» DIRECTIONS FOR THIS TASK
From the records below, print only the part that opens with the line containing "要聊符文秘境,我们得先了解《" and closes with the line containing "The pendant features"; omit the pictures.

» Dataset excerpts
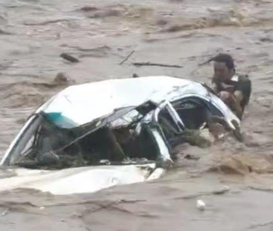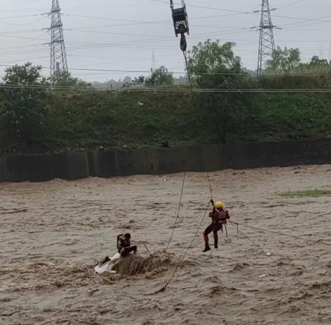 标题: 【赞】河北邯郸一男子连人带车被冲入洪水 消防员用吊车从空中将人救出
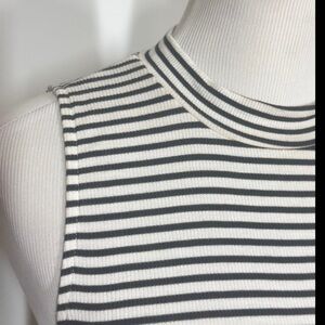 High Neck Black and White Striped Ribbed Sleeveless Dress Sz M
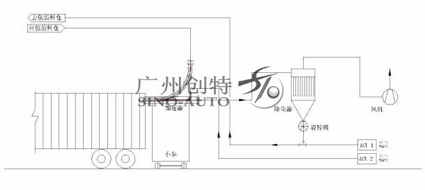 通過風(fēng)機(jī)吹送,把物料送入集裝箱內(nèi),充填能力大于5噸/小時(shí)。
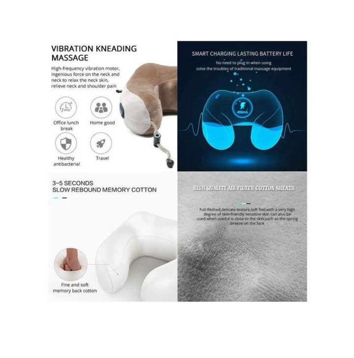 5) Features a double-layer velvet fabric with skin- friendly fine texture. Its U-shape ergonomic design is perfect not only as a neck massager but also as an airplane pillow.
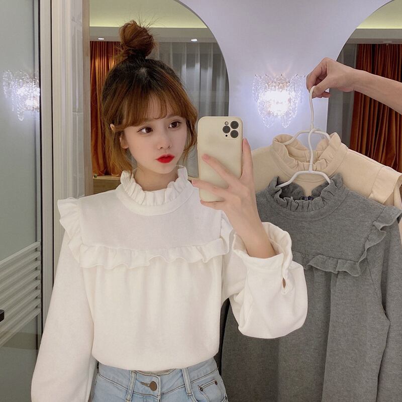 スプリングオータムカラーブラウス プルオーバー セーター レディース ロング 大人ガーリー スウィート キュート カジュアル 春物 秋物 スーパーモール66588854936
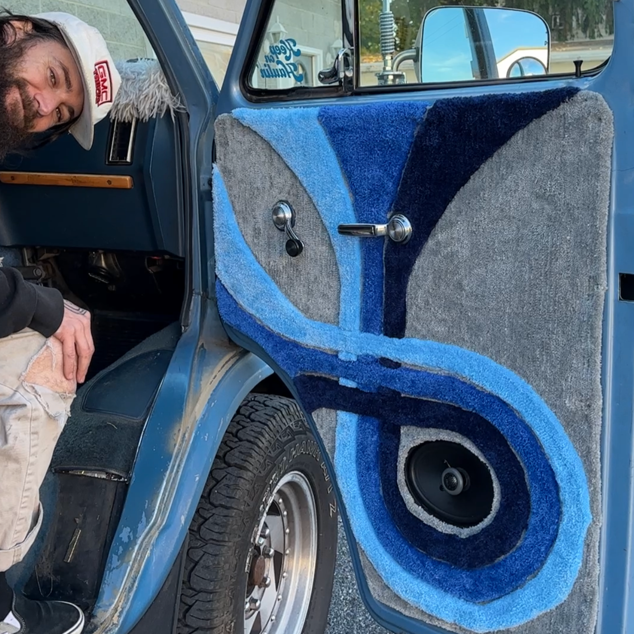 My favorite tufted piece so far is definitely the custom door cards that I made for Heidi in 2022. I designed the loops to go around her speakers and the different shades of blue look great with her interior. Check out the making of video on instagram and tiktok!
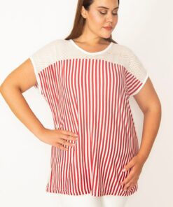 بلوز زنانه بزرگ سایز قرمز با دامن دانتل و آستین کوتاه خطی 65n27394 کد 1742308331
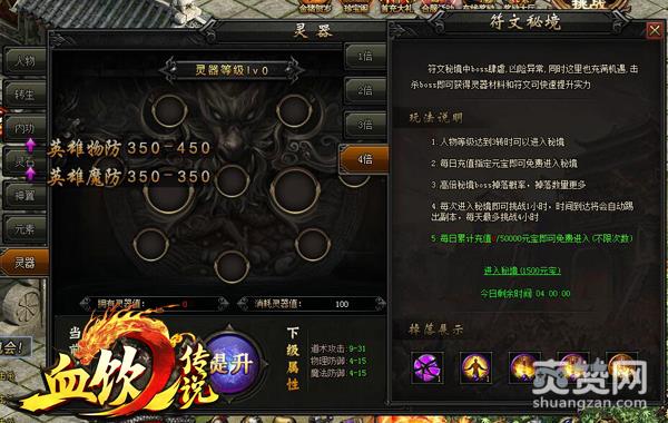 要聊符文秘境,我们得先了解《血饮传说》新晋推出的灵器系统。这么做原因很简单,符文秘境是为了灵器系统而存在的材料副本,秘境中的掉落是为了提升灵器系统。
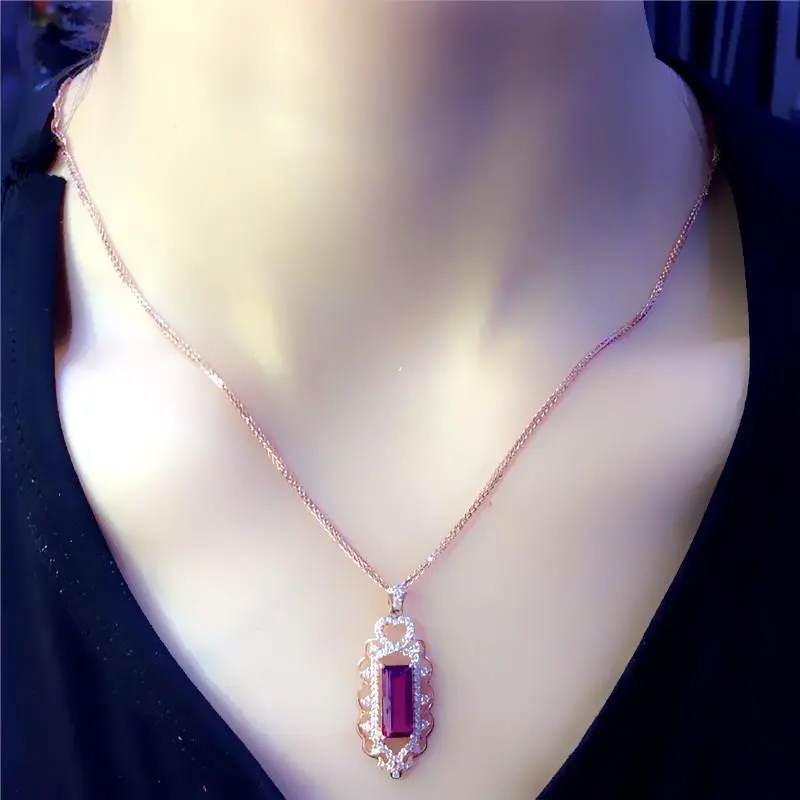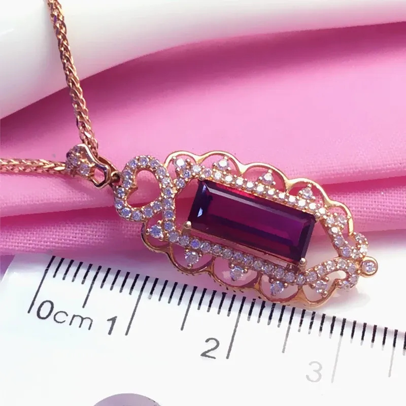 The pendant features a square-cut red stone, which can be made from ruby, garnet, or other red gemstones. Each stone is carefully selected for its vibrant color and high quality.
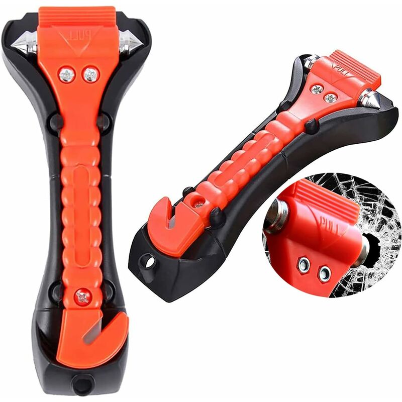 Martelli per rompere i finestrini - : martello per rompere i finestrini a doppia estremità, con punte in acciaio inossidabile rinforzate e appuntite per rompere i finestrini del veicolo e tagliare le cinture in caso di emergenza. 【Taglia cinture di sicurezza】: taglia cinture di sicurezza con lametta sotto scorta. Il martello taglierà le cinture di sicurezza quando necessario. 【Staffa fissa】: il martello non cadrà nemmeno in caso di collisione. Devi solo rimuoverlo dalla tua auto in caso di emergenza. 【Strumento essenziale】: il martello di emergenza è un componente indispensabile in ogni veicolo in caso di emergenza dei passeggeri. 【Facile da usare】: Pressione minima richiesta per rompere i bordi del vetro. Set di quattro martelli da condividere con la famiglia o gli amici. Compatti, leggeri, si inseriscono facilmente nel vano portaoggetti o sul lato della porta. Specifiche: Materiale: acciaio al carbonio ABS Dimensioni del prodotto: 19,2 x 7,3 x 3,4 cm Pacchetto che include: 2 x

» RESPONSE TO THE EXERCISE
 要聊符文秘境,我们得先了解《血饮传说》新晋推出的灵器系统。这么做原因很简单,符文秘境是为了灵器系统而存在的材料副本,秘境中的掉落是为了提升灵器系统。
 The pendant features a square-cut red stone, which can be made from ruby, garnet, or other red gemstones. Each stone is carefully selected for its vibrant color and high quality.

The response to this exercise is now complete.